Tutte edizioni dei Telegiornali, RAI o emittenti private che siano, ci informano dei drammi dei civili e dei bambini in particolare, a Gaza e Ucraina. Fanno bene. È giusto, sacrosanto.

Bombardamento russo su abitazioni in Ucraina
Poi accade che, tra un programma e l’altro, vengano mandati in onda spot pubblicitari realizzati dall’UNICEF, Save the Children e altre organizzazioni umanitarie: ci chiedono qualche euro, per salvare bambini agonizzanti in Sudan, Somalia, Mozambico, in altri martoriati paesi.
Recentemente la Caritas italiana ha presentato il suo ottavo Rapporto sui conflitti intitolato: “Il ritorno delle armi. Guerre del nostro tempo”. Sono almeno 52 gli Stati che vivono situazioni di conflitto armato. Aumenta il numero di guerre ad altissima e alta intensità: 24; aumenta il numero dei morti: 170.700, il più alto dal 2019. Tragico il numero di bambini uccisi e menomati: 11.649 nel 2023, un aumento del 35 per cento rispetto all’anno precedente. Quasi 300 milioni di persone nel mondo dipendono dagli aiuti umanitari, mentre il numero di rifugiati nel mondo è più che raddoppiato.
Le guerre: sono sempre più gravi e cruente. Oltre al conflitto che oppone Israele ad Hamas e la Russia all’Ucraina, si combatte e si muore in Myanmar e in Sudan. La guerra in Sudan ha generato nel 2023 bisogni umanitari per circa 30 milioni di persone per il 2024. Ben 3 milioni e mezzo sono bambini. Il Sudan è il Paese con il più alto numero di bambini sfollati in tutto il mondo.

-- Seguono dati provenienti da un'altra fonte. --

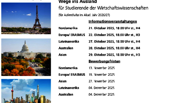 Weitere Informationen zu den verschiedenen Wegen ins Ausland, Austauschprogrammen und Förderungsmöglichkeiten finden Sie auf der Seite des International Office.
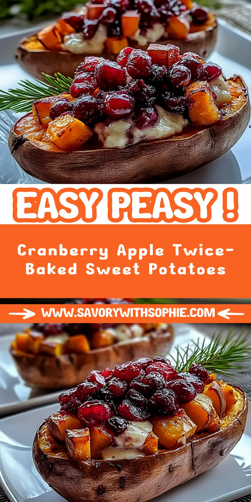 In summary, Cranberry Apple Twice-Baked Sweet Potatoes offer a delightful blend of flavors and textures that can make any meal extraordinary. By baking sweet potatoes first, and then filling them with a sweet and spiced apple-cranberry mixture, you create a dish that is both comforting and gourmet. Perfect for holidays or weeknight dinners, this recipe is sure to please your family and friends. Enjoy experimenting with variations to make this dish truly your own!
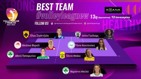 Στην κορυφαία επτάδα της 13ης αγωνιστικής συμπεριελήφθη η Ελληνίδα κεντρικός του Α.Ο. Θήρας, Τάνια Κιουτσιούκη. Η αθλήτρια της ομάδας από τη Σαντορίνη με την απόδοσή της βοήθησε τα μέγιστα τον Α.Ο. Θήρας να φτάσει στη νίκη με 3-0 επί της Ακαδημίας Πρωταθλητών Πεύκων. Η Κιουτσιούκη κατάφερε να πάρει 12 πόντους με 3 στις 6 επιθέσεις, 3 άσσους και 3 μπλοκ.
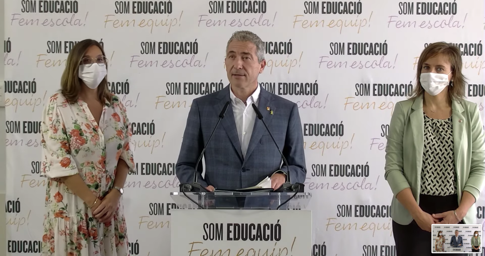 La secretaria general de Educación de la Generalitat, Patrícia Gomà; el consejero de Educación, Josep Gonzàlez-Cambray; y la secretaria general de Transformación Educativa, Núria Mora.
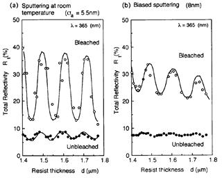 Fig.5 Total reflectivity variation of resist/aluminum substrate system with varying resist thickness. The open circles indicate reflectivity from bleached resist. The closed circles indicate reflectivity from unbleached resist. |
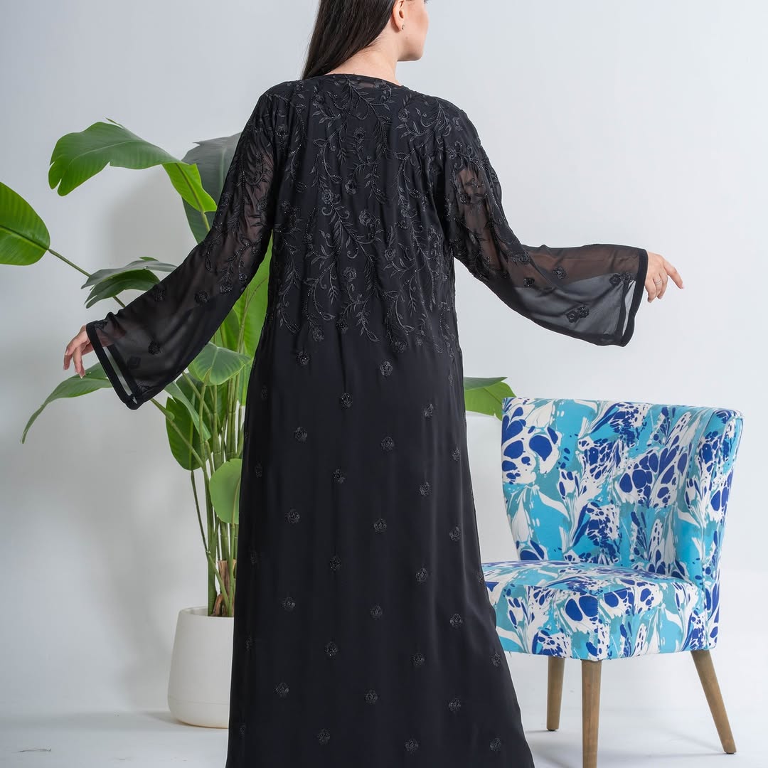 This beautiful black abaya is crafted with exquisite heavy embroidery, creating a luxurious and elegant look perfect for parties and special occasions. Made from premium chiffon fabric, it offers a soft, lightweight feel with a graceful flow that enhances movement. The detailed embroidery adds richness and sophistication, while the classic black color ensures timeless appeal. Designed to combine comfort with style, this abaya is ideal for evening gatherings, celebrations, and formal events. Pair it with minimal accessories to let the intricate craftsmanship shine and make a lasting impression with refined modest fashion.
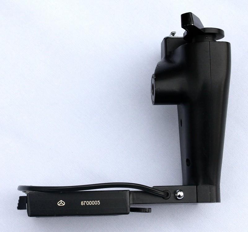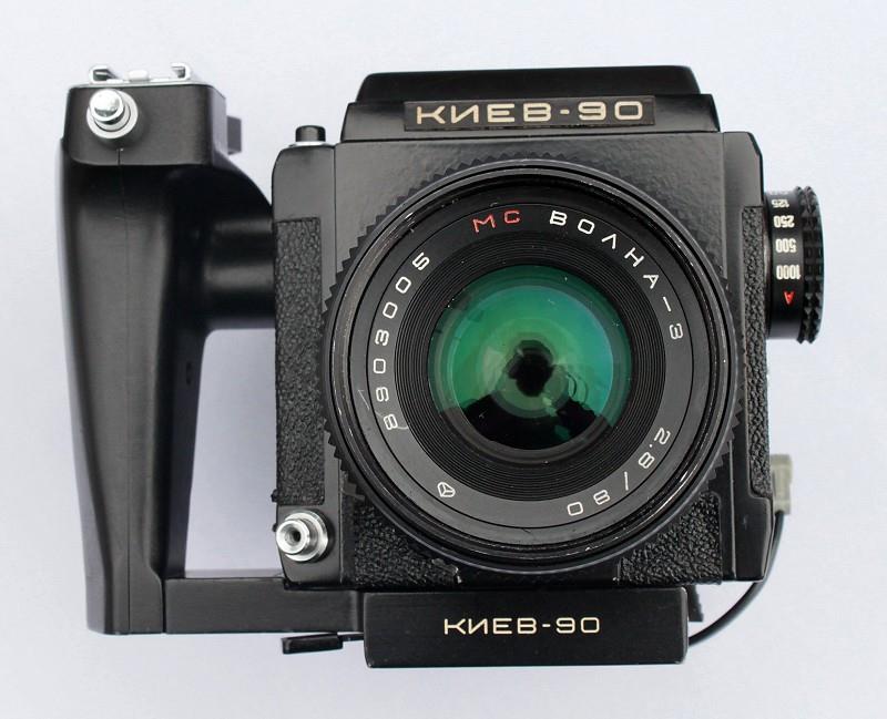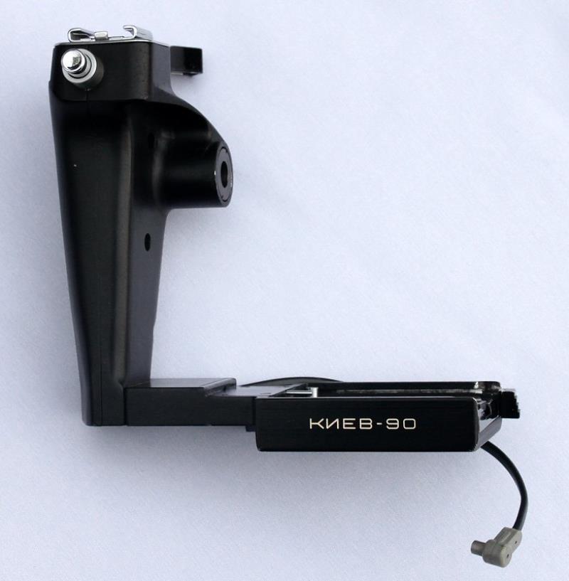 The Kiev-90 grip is fitted to the camera after first removing the film wind crank knob. The grip then slides onto the plate on the base of the camera and is locked into position with a lever on the bottom of the grip. There is a hot-shoe on the top of the grip which is connected via a lead to the flash socket on the camera. On the top of the grip is a lever-wind that advances the film and cocks the shutter. The shutter relaese button is also at the top of the grip.
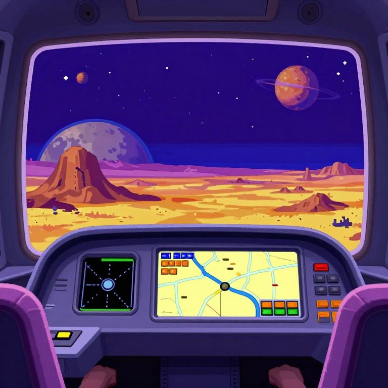 This digital illustration depicts the interior of a spaceship cockpit viewed from the pilot's seat. The cockpit features a large, rectangular window showing a vibrant, otherworldly landscape. The scene outside the window includes a starry, deep blue sky with two large, colorful planets, a smaller moon, and distant, rocky mountains. The ground is a bright, orange desert with scattered rocks. The cockpit's control panel displays a map with a blue route highlighted, and several colorful buttons and screens are visible. The pilot's seat is gray with purple accents, and their hands rest on the control panel. The overall style is colorful and futuristic, with a strong emphasis on bright, contrasting hues.
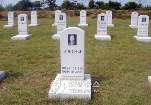 | ↑ 평양시 용성구역에 있는 춘원 이광수의 묘. 북한은 이곳에 납북 및 월북 인사 수십명의 유해를 안치했다. |
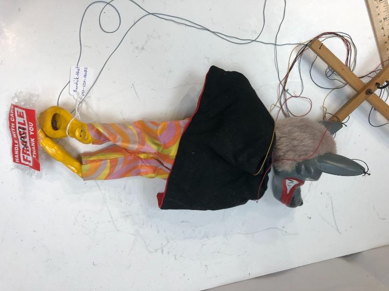 Vintage Pelham Marionette Puppet “The Wolf” 14". The Vintage Pelham Marionette Puppet “The Wolf” 14" is wearing multicolor pants, a black and red cape, and white gloves. His body is plush and his hands, feet, and face are material.
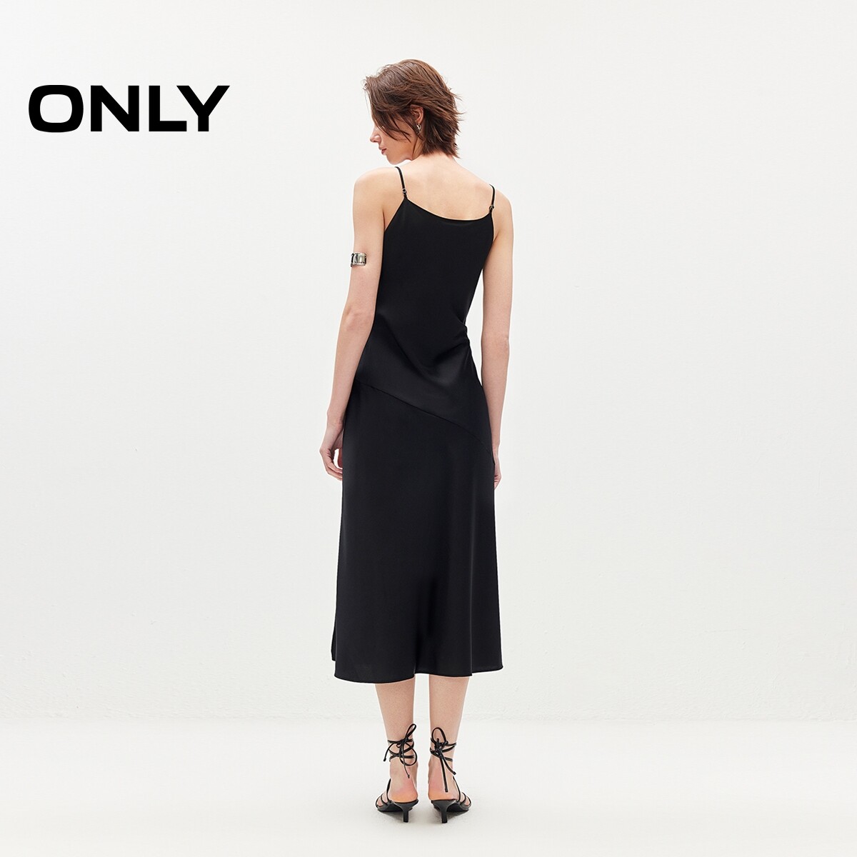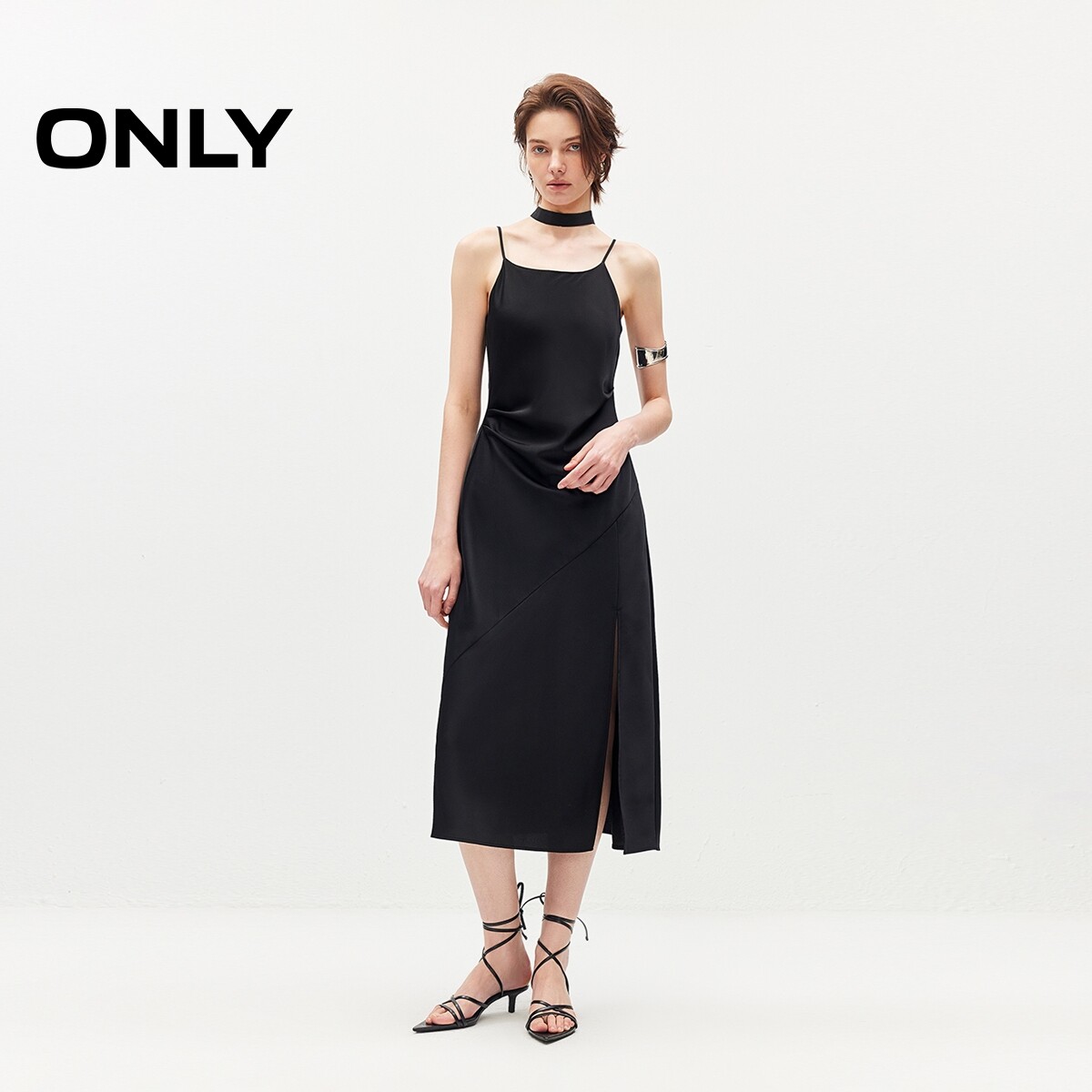 ONLY2026春季新款时尚优雅开叉吊带中长裙小黑裙收腰连衣裙女
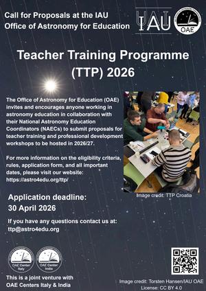 The Office of Astronomy for Education (OAE) invites and encourages anyone working in astronomy education together with their National Astronomy Education Coordinators (NAECs) to submit proposals for financial support of up to 2000 Euros for an astronomy teacher training and professional development workshop to be scheduled in 2026 or early 2027.
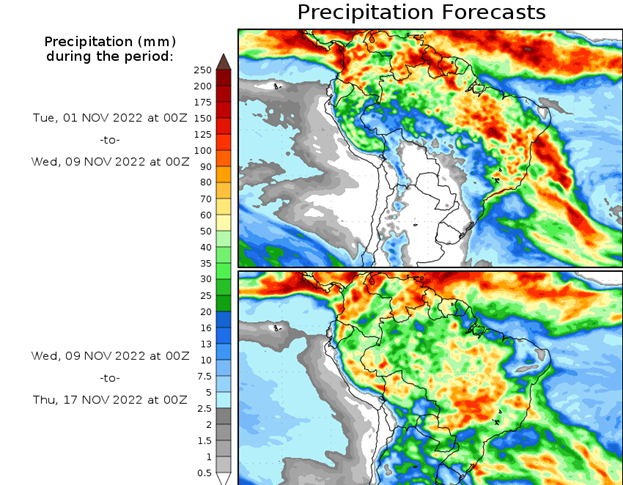 El pronóstico Hidrometeorológico del Centro Climático de referencia indica una tendencia semanal de significancia hidrológica en la cuenca de interés para la CHY con dispersión geográfica según sea la fuente consultada. (Ver gráfico Nro. 1).
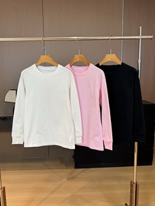 091902 秋季新款男女款纯色圆领日常休闲通勤百搭印花纯棉长袖T恤

Da mesi una rivolta scuote il Mozambico
È di fatto una guerra quella che il Messico combatte dal 2006 contro i cartelli della droga e che i cartelli combattono tra loro: nel solo 2023 più di 7mila morti. In Nigeria solo nell’ultimo anno sono morte più di 8.500 persone. In Siria 6mila morti nel 2023. In Irak quasi 1.500 morti, Yemen 3.500 morti; Etiopia 3.600 morti. Ci sono poi le cosiddette guerre “a bassa intensità”, come il conflitto tra Pakistan e India per la regione del Kashmir; e ancora: nella Repubblica Democratica del Congo, Somalia, Mozambico, Libia. Non guerre tradizionali, ma conflitti multipli ed estremamente violenti in Brasile, Colombia, Venezuela, Haiti.
Secondo l’Osservatorio di Pavia nel 2023 le notizie sulle guerre sono state 3.808, l’8,9% di tutte le notizie. Il 50,1% è concentrato sul conflitto israelo-palestinese, il 46,5% sulla guerra in Ucraina, il restante 3,4% è distribuito su 15 Paesi in guerra. Sei paesi in guerra (Bangladesh, Etiopia, Guatemala, Honduras, Irak, Kenya) non hanno avuto nessuna copertura mediatica.
Infine, giusto per chiudere il 2024 e aprire il 2025 in bellezza: dopo Ciad, Niger e Burkina Faso, il Senegal: anche Dakar manda via i militari occidentali e si affida ai russi delle brigate ex Wagner.
A questo punto una domanda ai direttori e ai capi-redattori: perché non realizzano servizi anche su quelle tragedie? Perché di altre guerre, stermini per fame, bambini che soffrono, non si riferisce? Dobbiamo, per sapere qualcosa, aspettare uno spot, tra un detersivo e un surgelato dimagrante?